WORK TO COMPLETE: Leave out any picture and return the remaining listing below exactly as given.

GIVEN MATERIAL:
######
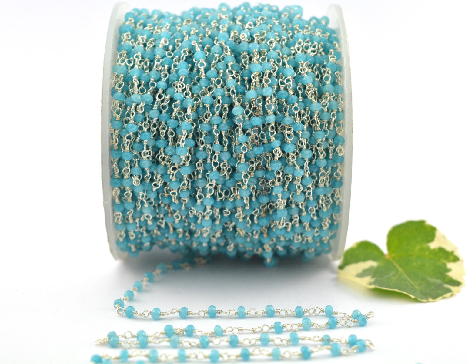 Amazonite Rosary Chain - 925 Silver Gold, 2mm
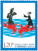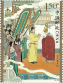 「中国成语故事」邮票一套五枚,分别为「相濡以沫」、「水滴石穿」、「千锤百练」、「节用厚生」和「庖丁解牛」。
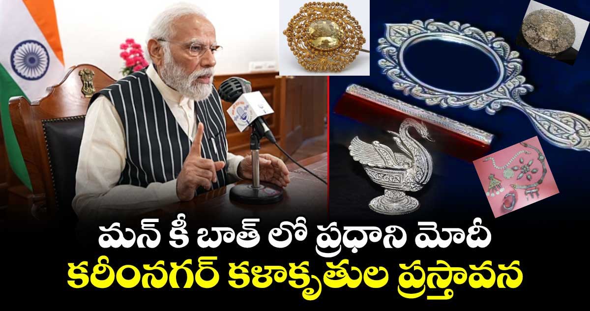 ఎప్పటిలాగే ప్రధాని మోదీ తన 128వ మన్ కీ బాత్ ప్రోగ్రాం ను ఆదివారం (నవంబర్30) న నిర్వహించారు. ఈ కార్యక్రమంలో తెలంగాణలోని కరీంనగర్ ప్రస్తావన తెచ్చారు ప్రధాని మోదీ. కరీంనగర్ లో తయారైన సాంప్రదాయ కళాకృతులు ప్రపంచవ్యాప్తంగా ప్రసిద్ధి చెందాయన్నారు. కరీంనగర్ కళాకృతులన వివిధ దేశాల ప్రధాన మంత్రులకు బహుకరించానని మోదీ తెలిపారు. కరీంనగర్ లో ప్రసిద్ధి చెందిన సాంప్రదాయ సిల్వర్ తో తయారైన బుద్ధుడు ప్రతిమను జపాన్ ప్రధానికి, సంప్రదాయ పూల ఆకృతితో ఉన్న సిల్వర్ మిర్రర్ ను ఇటలీ ప్రధానికి బహుకరించానని ప్రధాని మోదీ చెప్పారు.
######
RESULT OF THE TASK:
 Amazonite Rosary Chain - 925 Silver Gold, 2mm
 「中国成语故事」邮票一套五枚,分别为「相濡以沫」、「水滴石穿」、「千锤百练」、「节用厚生」和「庖丁解牛」。
 ఎప్పటిలాగే ప్రధాని మోదీ తన 128వ మన్ కీ బాత్ ప్రోగ్రాం ను ఆదివారం (నవంబర్30) న నిర్వహించారు. ఈ కార్యక్రమంలో తెలంగాణలోని కరీంనగర్ ప్రస్తావన తెచ్చారు ప్రధాని మోదీ. కరీంనగర్ లో తయారైన సాంప్రదాయ కళాకృతులు ప్రపంచవ్యాప్తంగా ప్రసిద్ధి చెందాయన్నారు. కరీంనగర్ కళాకృతులన వివిధ దేశాల ప్రధాన మంత్రులకు బహుకరించానని మోదీ తెలిపారు. కరీంనగర్ లో ప్రసిద్ధి చెందిన సాంప్రదాయ సిల్వర్ తో తయారైన బుద్ధుడు ప్రతిమను జపాన్ ప్రధానికి, సంప్రదాయ పూల ఆకృతితో ఉన్న సిల్వర్ మిర్రర్ ను ఇటలీ ప్రధానికి బహుకరించానని ప్రధాని మోదీ చెప్పారు.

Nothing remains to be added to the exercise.